Exercise prompt - Each line in these records that contains "volets" counts once. Give the number only.

[[ Available data, beginning ]]

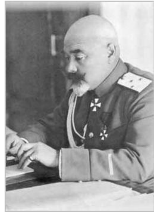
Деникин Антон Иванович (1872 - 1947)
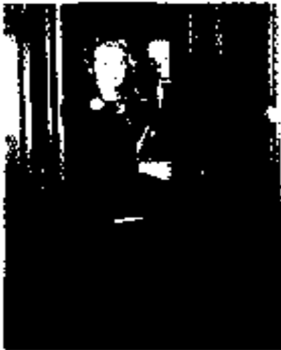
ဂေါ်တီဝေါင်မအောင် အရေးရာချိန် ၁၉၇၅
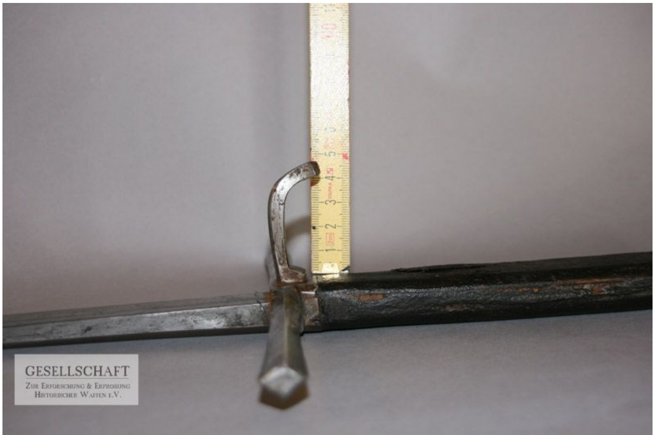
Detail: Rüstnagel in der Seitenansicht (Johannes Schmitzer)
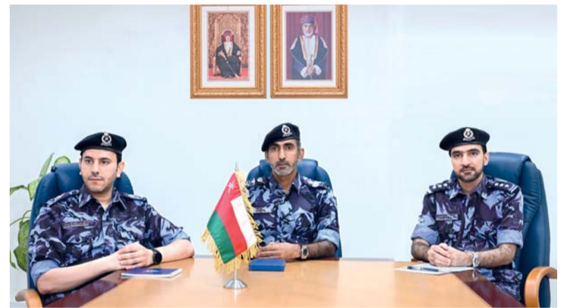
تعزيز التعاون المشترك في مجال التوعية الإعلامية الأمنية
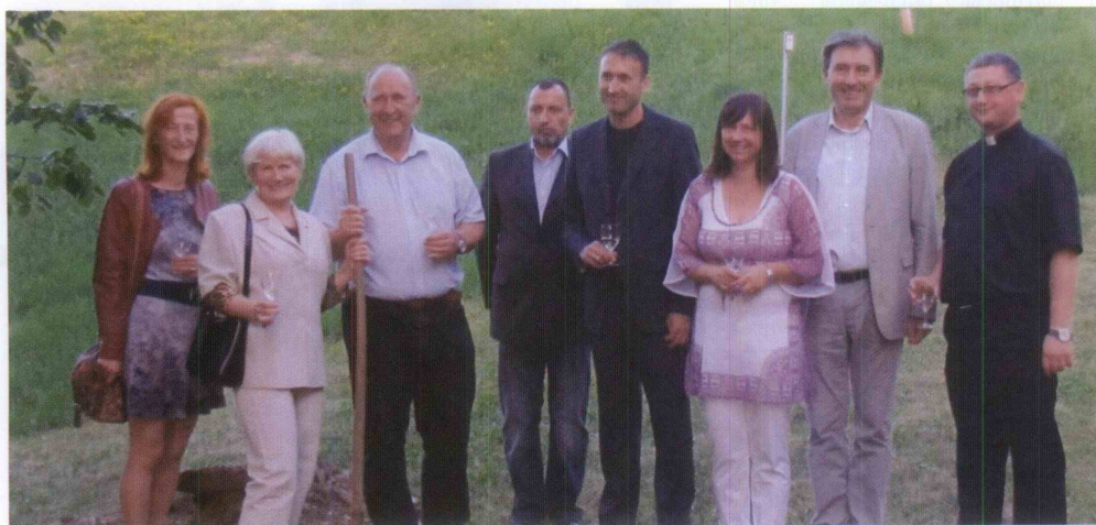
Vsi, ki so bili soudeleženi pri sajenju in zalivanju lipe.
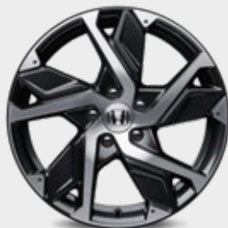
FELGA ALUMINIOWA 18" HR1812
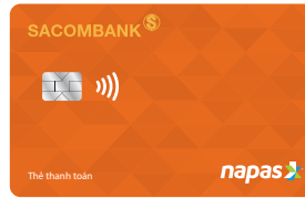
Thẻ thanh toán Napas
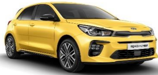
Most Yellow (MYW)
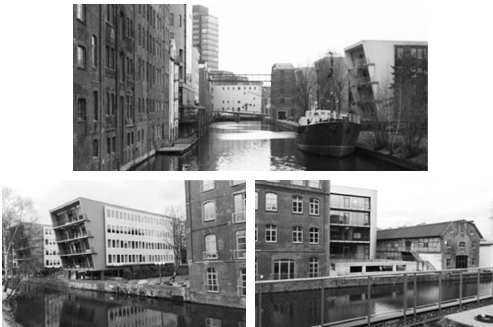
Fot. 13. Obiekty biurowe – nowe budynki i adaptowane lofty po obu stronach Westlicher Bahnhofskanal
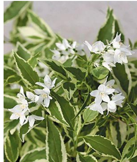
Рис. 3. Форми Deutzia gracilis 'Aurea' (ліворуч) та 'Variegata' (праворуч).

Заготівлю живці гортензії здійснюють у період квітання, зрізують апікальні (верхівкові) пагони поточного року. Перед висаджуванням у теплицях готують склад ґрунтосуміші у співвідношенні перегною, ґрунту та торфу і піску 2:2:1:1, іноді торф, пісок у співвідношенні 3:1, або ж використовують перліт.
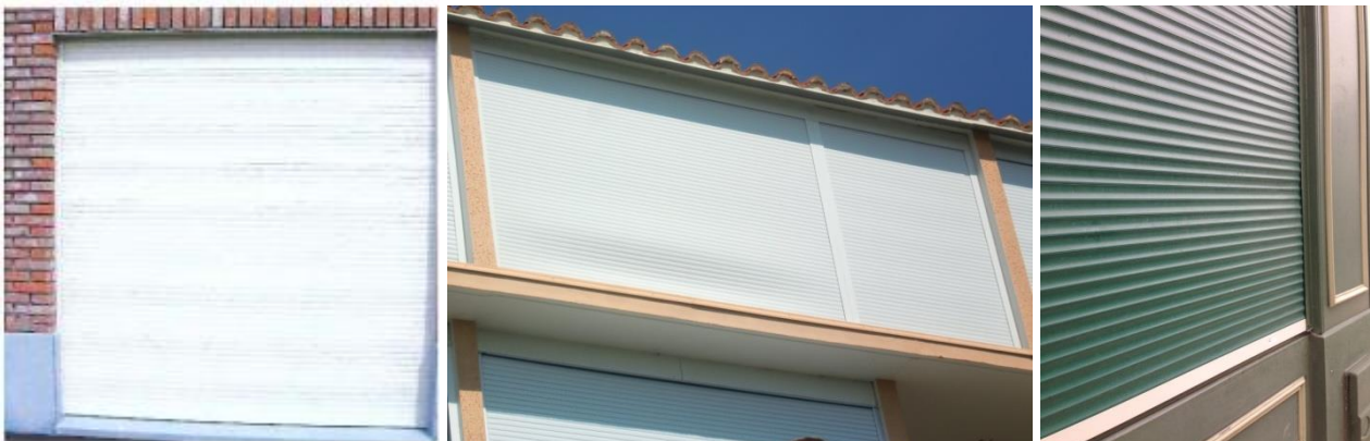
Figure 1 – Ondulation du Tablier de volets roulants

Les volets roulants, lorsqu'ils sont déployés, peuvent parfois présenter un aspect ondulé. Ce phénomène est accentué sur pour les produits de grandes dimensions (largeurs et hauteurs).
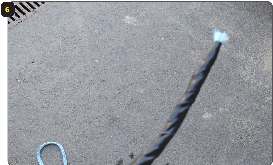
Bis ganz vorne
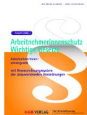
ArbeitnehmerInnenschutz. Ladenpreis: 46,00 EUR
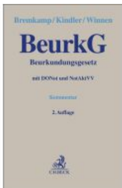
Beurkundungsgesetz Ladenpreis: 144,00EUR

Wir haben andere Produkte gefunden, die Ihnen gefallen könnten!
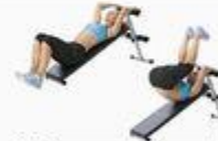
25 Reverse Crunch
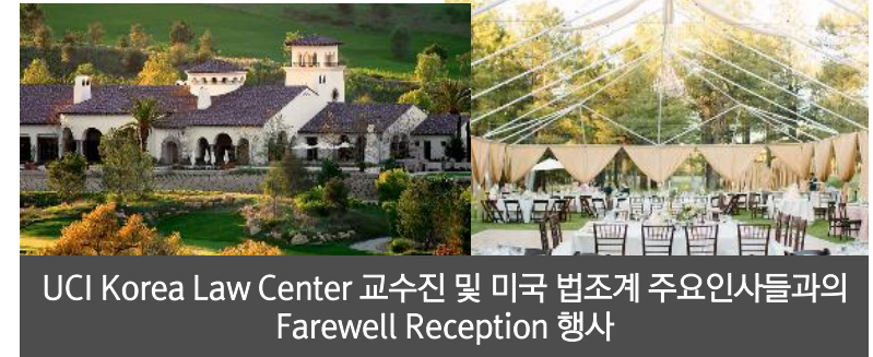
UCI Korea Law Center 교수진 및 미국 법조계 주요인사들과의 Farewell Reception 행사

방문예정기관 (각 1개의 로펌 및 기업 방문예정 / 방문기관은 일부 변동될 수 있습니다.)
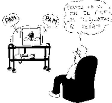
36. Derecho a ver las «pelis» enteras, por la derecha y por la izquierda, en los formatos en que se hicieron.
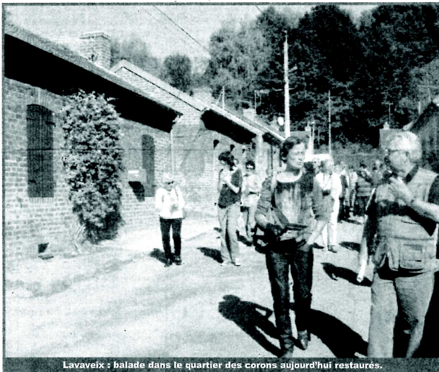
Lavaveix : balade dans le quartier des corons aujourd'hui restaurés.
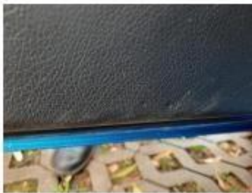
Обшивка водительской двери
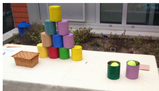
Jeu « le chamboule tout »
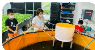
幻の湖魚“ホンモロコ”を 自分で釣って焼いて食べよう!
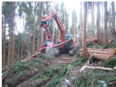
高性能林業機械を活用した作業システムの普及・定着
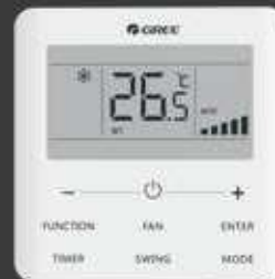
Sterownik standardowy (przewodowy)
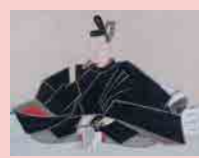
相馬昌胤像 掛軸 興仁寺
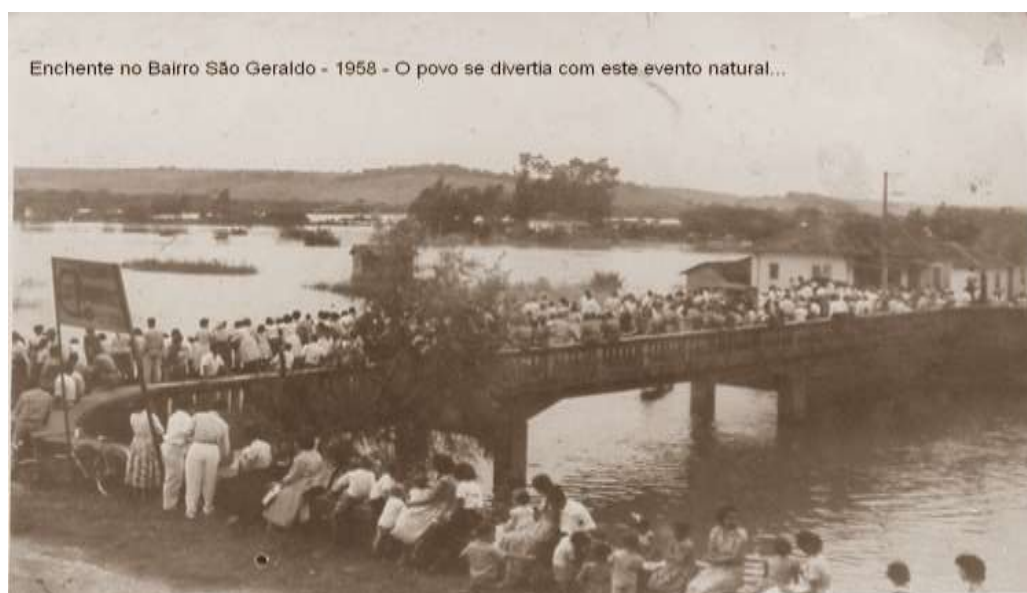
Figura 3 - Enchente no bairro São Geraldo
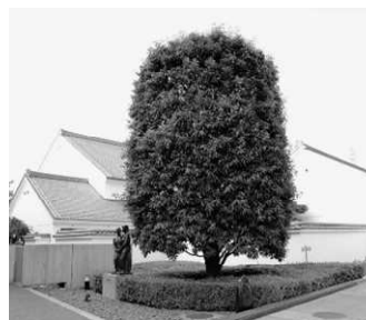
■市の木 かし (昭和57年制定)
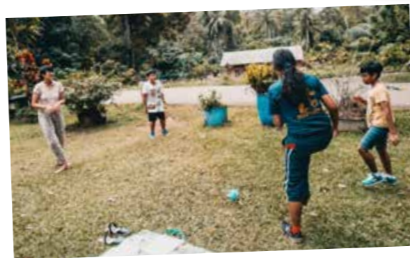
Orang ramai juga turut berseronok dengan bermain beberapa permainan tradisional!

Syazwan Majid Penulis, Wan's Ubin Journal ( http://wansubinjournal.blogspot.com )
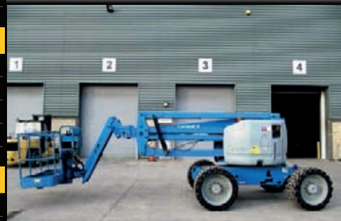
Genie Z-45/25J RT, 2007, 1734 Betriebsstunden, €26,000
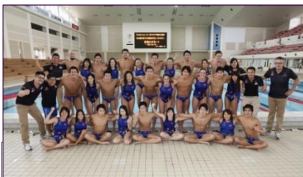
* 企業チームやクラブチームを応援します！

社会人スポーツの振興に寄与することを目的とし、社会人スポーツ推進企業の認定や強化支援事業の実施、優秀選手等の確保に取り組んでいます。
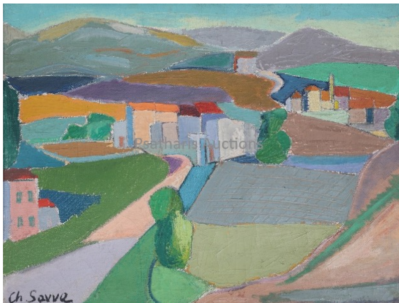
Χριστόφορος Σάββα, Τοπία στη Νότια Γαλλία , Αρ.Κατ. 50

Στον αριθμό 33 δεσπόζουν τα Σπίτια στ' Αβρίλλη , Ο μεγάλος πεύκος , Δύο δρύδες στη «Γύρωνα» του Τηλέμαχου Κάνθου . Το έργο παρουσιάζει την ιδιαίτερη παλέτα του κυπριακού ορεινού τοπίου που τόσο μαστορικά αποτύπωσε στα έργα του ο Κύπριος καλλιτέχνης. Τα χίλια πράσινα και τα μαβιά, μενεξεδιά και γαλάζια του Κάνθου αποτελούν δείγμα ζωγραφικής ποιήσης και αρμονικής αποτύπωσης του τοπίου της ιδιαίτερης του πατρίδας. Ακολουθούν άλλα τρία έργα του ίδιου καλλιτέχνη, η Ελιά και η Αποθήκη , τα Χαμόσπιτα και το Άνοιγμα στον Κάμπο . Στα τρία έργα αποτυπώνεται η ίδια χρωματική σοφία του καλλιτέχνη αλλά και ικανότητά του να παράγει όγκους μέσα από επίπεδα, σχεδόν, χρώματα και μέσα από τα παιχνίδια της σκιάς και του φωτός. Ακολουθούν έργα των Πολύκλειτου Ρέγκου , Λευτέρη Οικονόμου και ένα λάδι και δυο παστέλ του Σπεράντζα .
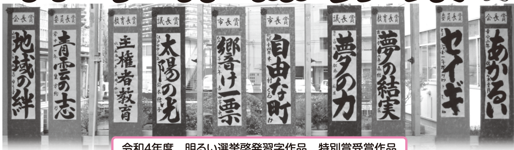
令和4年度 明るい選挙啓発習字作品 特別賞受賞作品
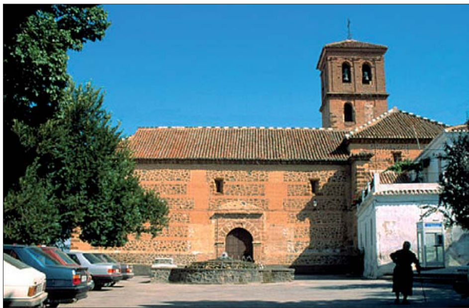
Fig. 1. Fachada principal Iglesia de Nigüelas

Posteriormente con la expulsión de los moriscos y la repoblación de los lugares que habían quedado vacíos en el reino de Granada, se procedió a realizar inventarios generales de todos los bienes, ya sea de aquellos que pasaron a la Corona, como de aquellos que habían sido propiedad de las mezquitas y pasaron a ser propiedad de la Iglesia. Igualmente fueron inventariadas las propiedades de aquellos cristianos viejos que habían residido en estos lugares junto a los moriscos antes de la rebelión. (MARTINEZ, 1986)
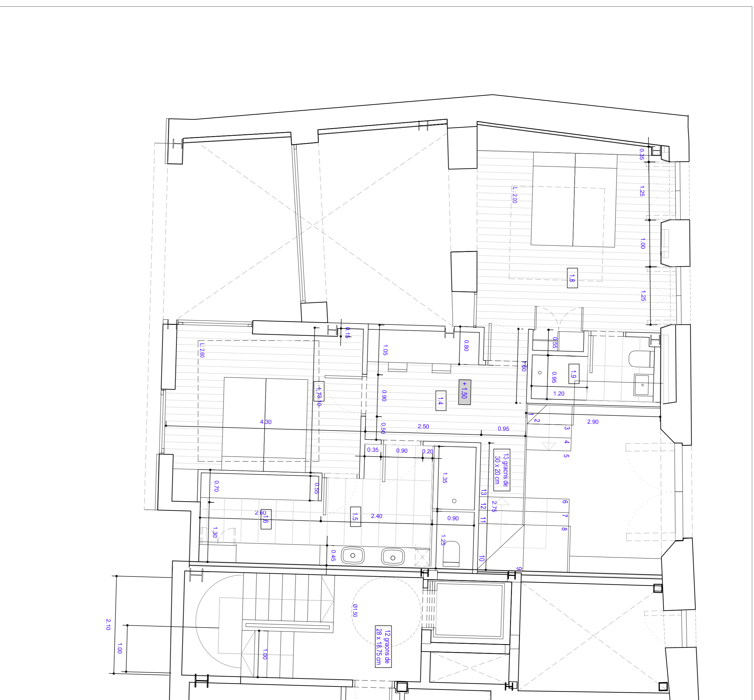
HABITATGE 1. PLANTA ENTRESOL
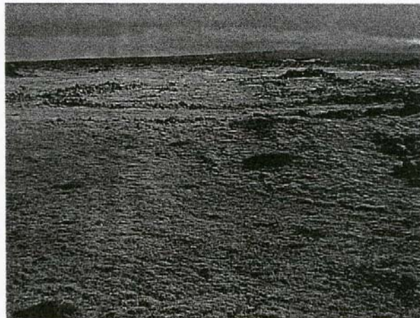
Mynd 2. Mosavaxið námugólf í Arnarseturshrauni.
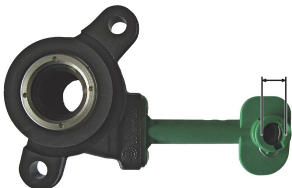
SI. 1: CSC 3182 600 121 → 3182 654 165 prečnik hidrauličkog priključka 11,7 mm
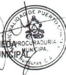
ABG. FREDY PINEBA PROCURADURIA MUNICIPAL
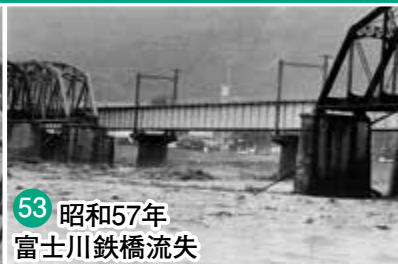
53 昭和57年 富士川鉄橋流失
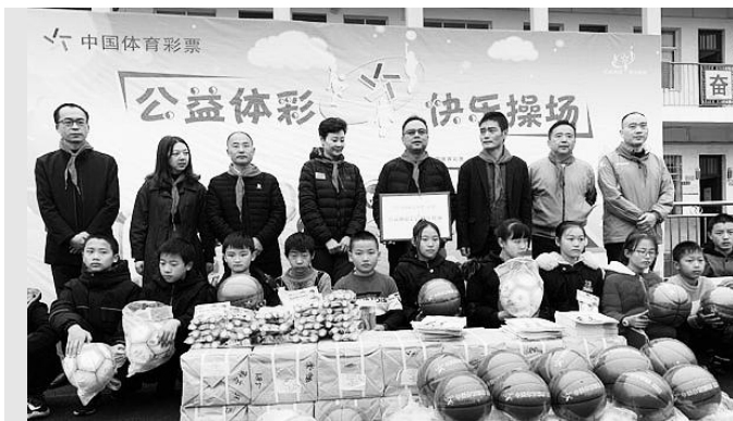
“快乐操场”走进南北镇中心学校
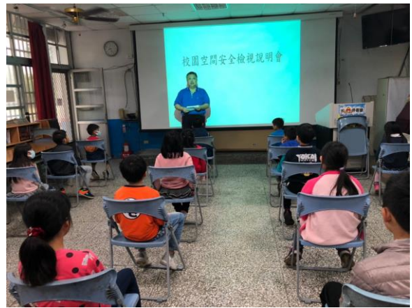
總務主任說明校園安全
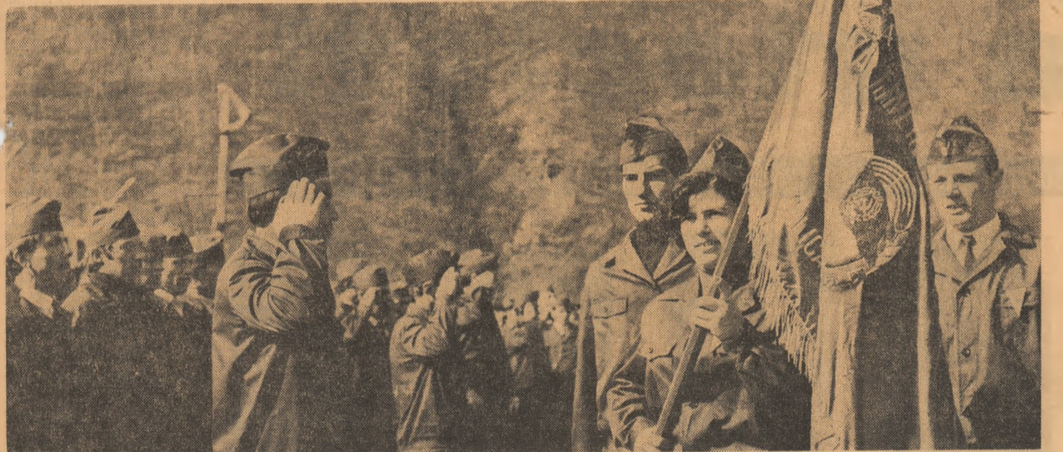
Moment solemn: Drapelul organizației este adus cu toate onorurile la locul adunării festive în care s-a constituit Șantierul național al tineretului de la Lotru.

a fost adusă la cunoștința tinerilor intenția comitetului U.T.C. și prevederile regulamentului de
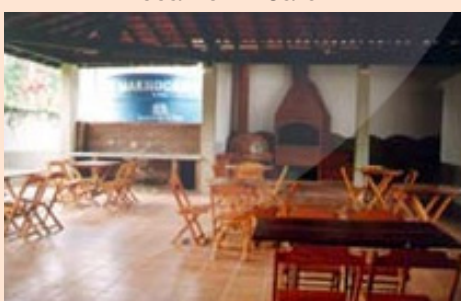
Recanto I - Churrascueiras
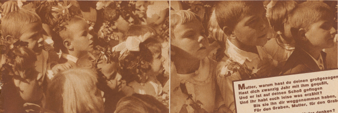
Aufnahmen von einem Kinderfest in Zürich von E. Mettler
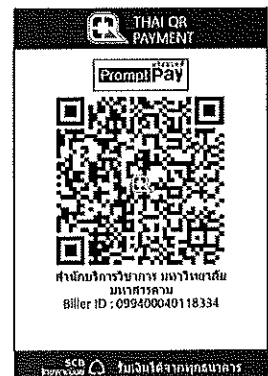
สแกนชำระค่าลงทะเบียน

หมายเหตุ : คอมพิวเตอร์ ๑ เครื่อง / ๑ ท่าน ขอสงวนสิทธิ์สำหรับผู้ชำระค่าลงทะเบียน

[[ Available data, end ]]

Result of this exercise - 2